One year ago today I had brain surgery. Looking at me, you wouldn’t know that I have a scar from the top of my head to just below my ear. You wouldn’t know that I have titanium plates under my skin, or that I don’t have 100% feeling in my scalp, and that much to my chagrin, I think my head feels like the Grand Canyon. Rob plays with my hair every night and he says, “you really can’t tell,” but I think he’s just being a good husband.

That’s the thing with invisible hurts and wounds, if others can’t see them, it’s like they don’t exist. I’ve always said my brain surgery was a side dish to the main course of our daughter Reagan and her struggles. Her struggles are visible, so there’s an understanding amongst other people when we’re out. But there are lots of invisible struggles and everyone has them.

If you’re going through something mountainous, or Grand Canyon like, every step might look like one where a wound will be inflicted. The inevitable thing in this life though, is that wounds are around every corner, from a friend, a spouse, a family member, a Dr. report or the sidewalk outside.

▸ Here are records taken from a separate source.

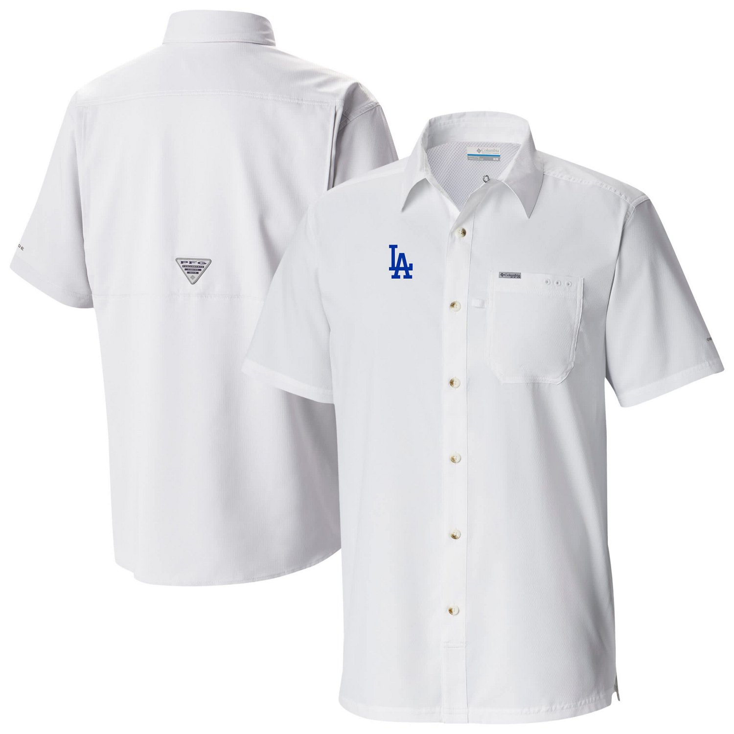 Enjoy breezy comfort while repping your Los Angeles Dodgers with this Columbia Slack Tide Omni-Wick Button-Up Camp Shirt This button-up camp shirt is crafted with Columbia's signature Omni-Wick technology ensuring you stay cool and dry even during the most intense moments of the game Plus the Omni-Shade technology provides UPF 50 sun protection so you can comfortably sport your Los Angeles Dodgers pride all day long
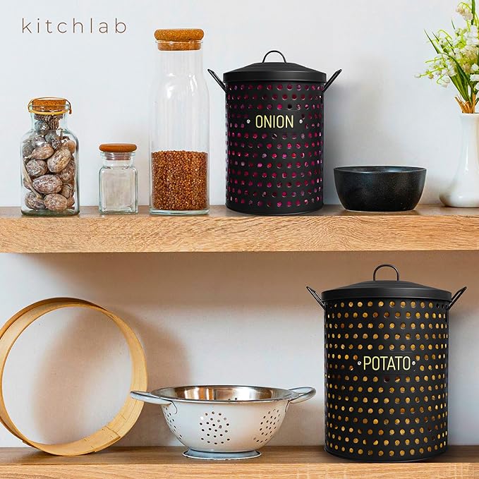 - ELEVATE YOUR KITCHEN ORGANIZATION with the Kitchlab Onion and Potato Storage Bins. This kitchen storage set is made from premium galvanized iron that ensures long-lasting and reliable bins for potatoes and onions for years to come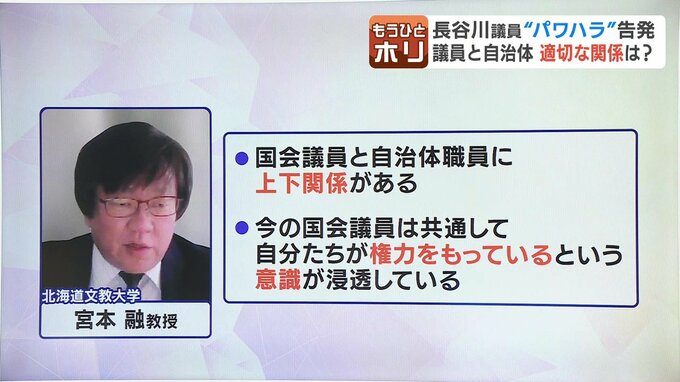 今回の件について、北海道内の政治に詳しい北海道文教大学の宮本教授は、「国会議員と自治体職員に上下関係がある」「今の国会議員は共通して、自分たちが権力をもっているという意識が浸透している」と話していて、そのアンバランスさも今回の件の要因の一つになったのかもしれません。
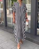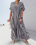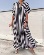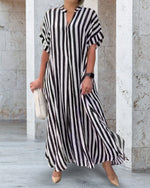 V-neck printed half-sleeved long dress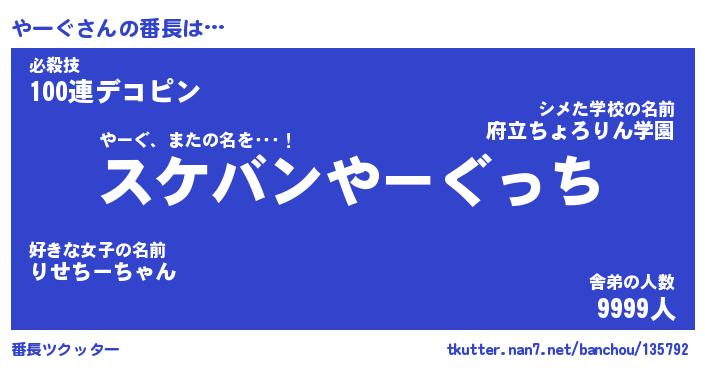 | ヒーロー風カッコイイあだ名 | 『スーパーヤーグ』『ウルトラやーぐマン』 |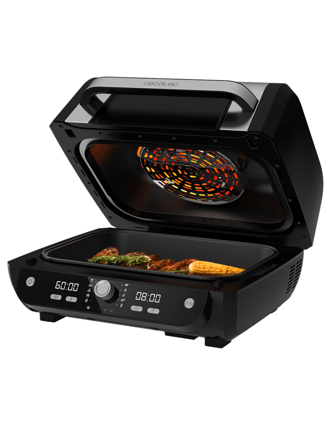 Cecofry FireDome 8000 Pro Freidora de aire grill de 1700W, doble resistencia, 12 modos de cocción y 4 niveles de grill.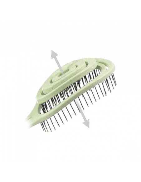 Zahvaljujoč prilagodljivi glavi ščetke je vaše lasišče pomirjujoče masirano. Ker glava krtače prožno popušča, odvisno od gibanja in oblike glave, in se zato prilagaja vašemu gibanju. Priročna krtača nežno drsi skozi lase, ne da bi jih neprijetno vlekla ali napenjala.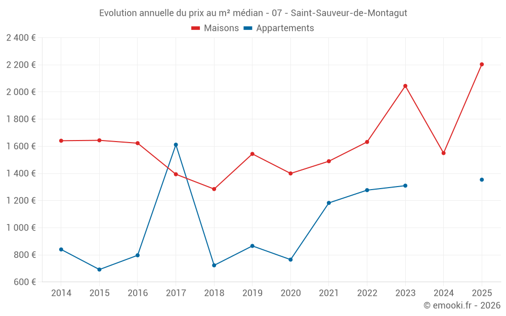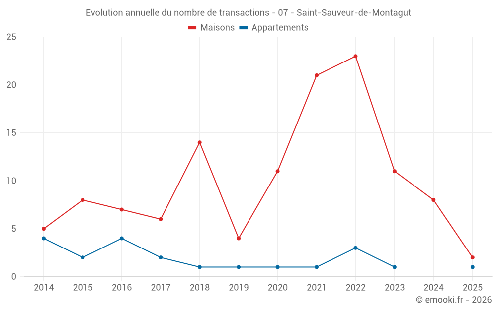 Le prix médian sur les 14 transactions de maisons des 24 derniers mois dans la commune de Saint-Sauveur-de-Montagut était de 1 810 € par mètre carré pour une valeur foncière médiane de 136 250 €. Sur cette période 60% des transactions se sont situées entre 1 139 et 2 189 € par mètre carré (du 2ème au 8ème déciles).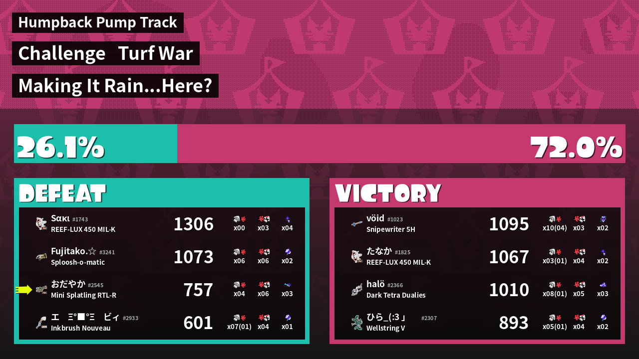 | Mode | Turf War - Challenge |
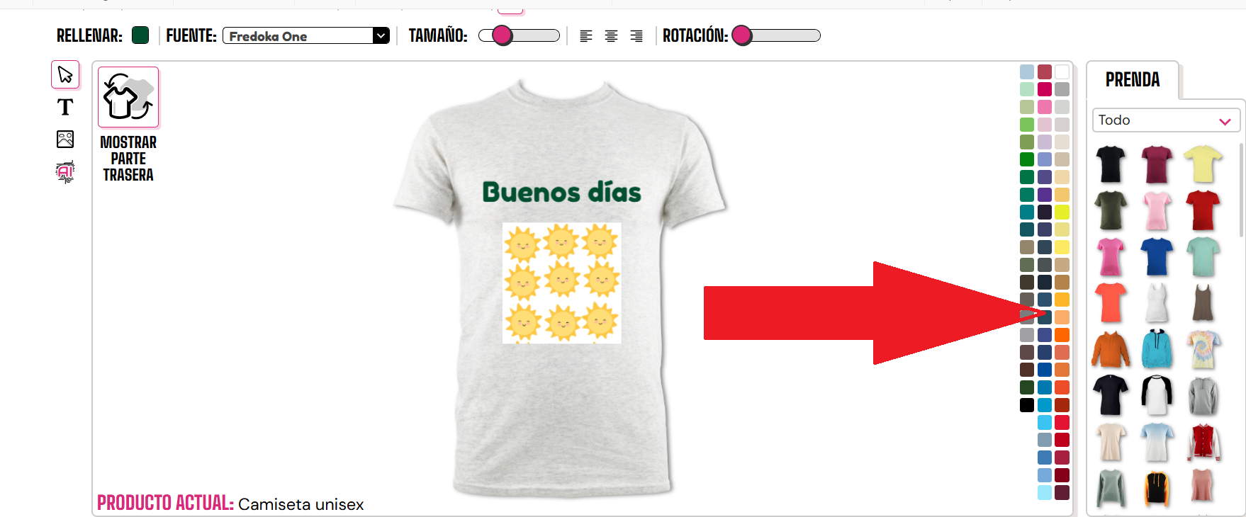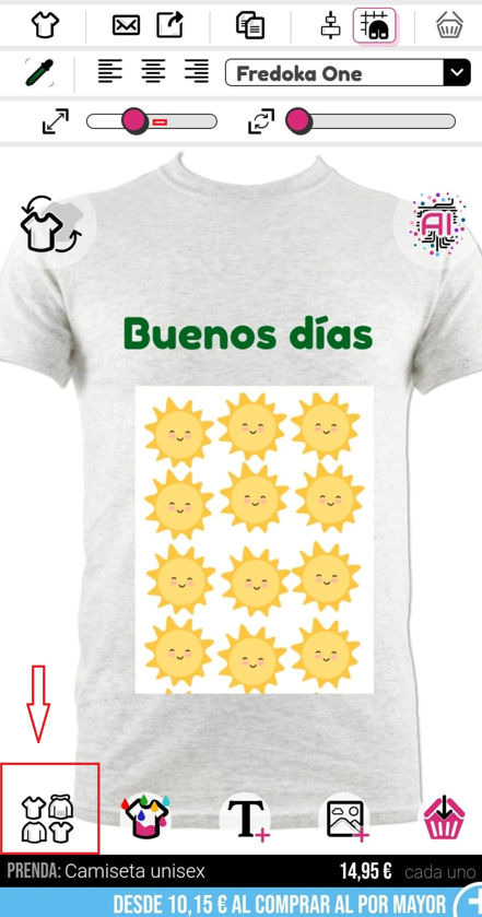 Para elegir tu prenda, puedes seleccionar la que prefieras haciendo clic en el icono de la prenda en la parte inferior del diseñador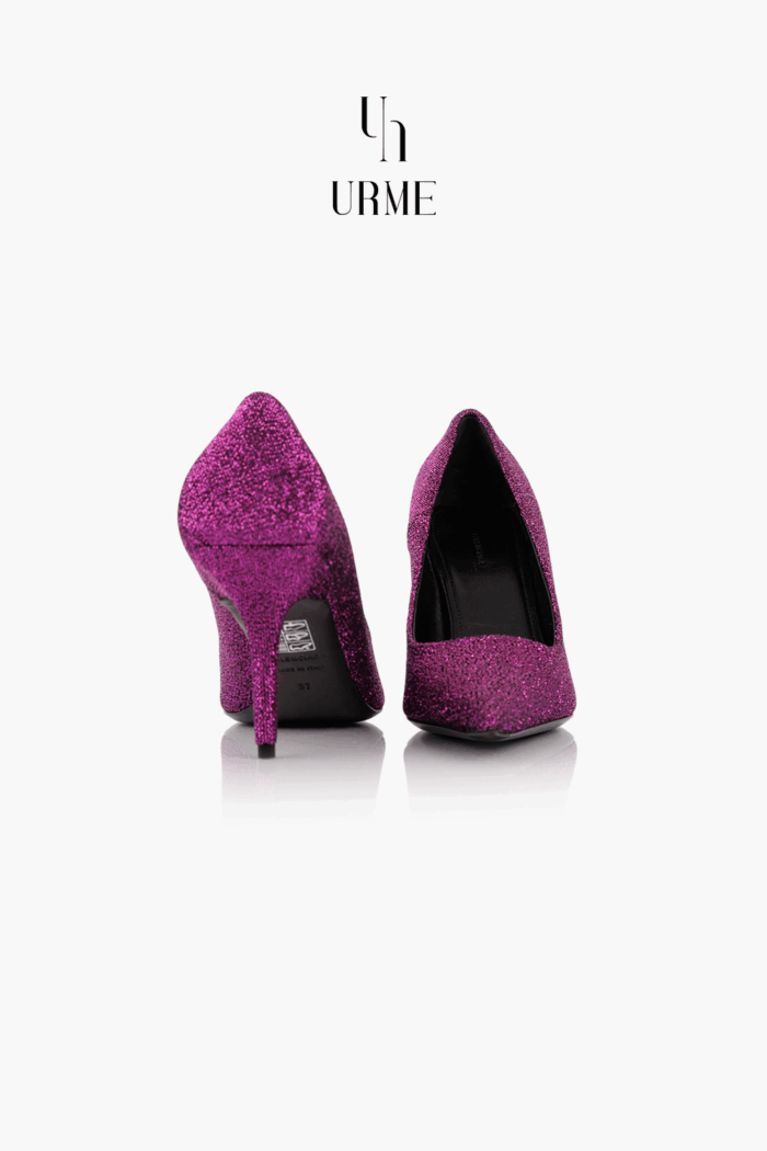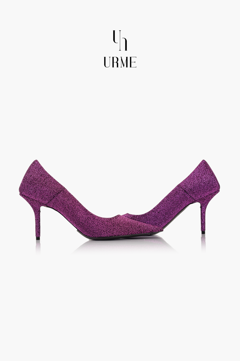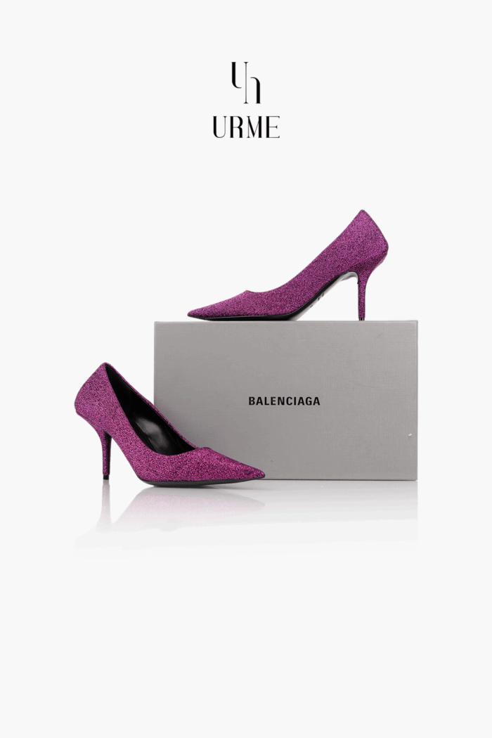 Balenciaga’s iconic Knife Pump in glittered lamé delivers a razor-sharp pointed toe and a sleek 80 mm stiletto. The vivid purple sparkle fabric wraps the foot over a leather-lined interior, creating a striking evening pump that shines from every angle.
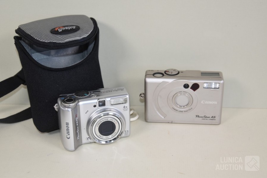 Canon Powershot A570 IS, werkend, niet uitgebreid getest PC 1225; Canon Powershot A5, PS1010. Zonder batterij

Please be encouraged though, when your wounds begin to heal, you will figure out a way to live with the scars and not just live, you will be joy-filled again. If there is one thing I’ve learned in the past five years it is that God is serious about seasons. He’s always teaching you no matter what the season, but the times I was closest to him and the times I learned the most, was in those really rough seasons. There was something being refined inside of me, so that in the next season something new could shine.

I’m grateful to be one year post op and out of brain surgery season, but there were valuable things I learned while there. Because of that tough season, I will walk more confidently in the days ahead, and you will too.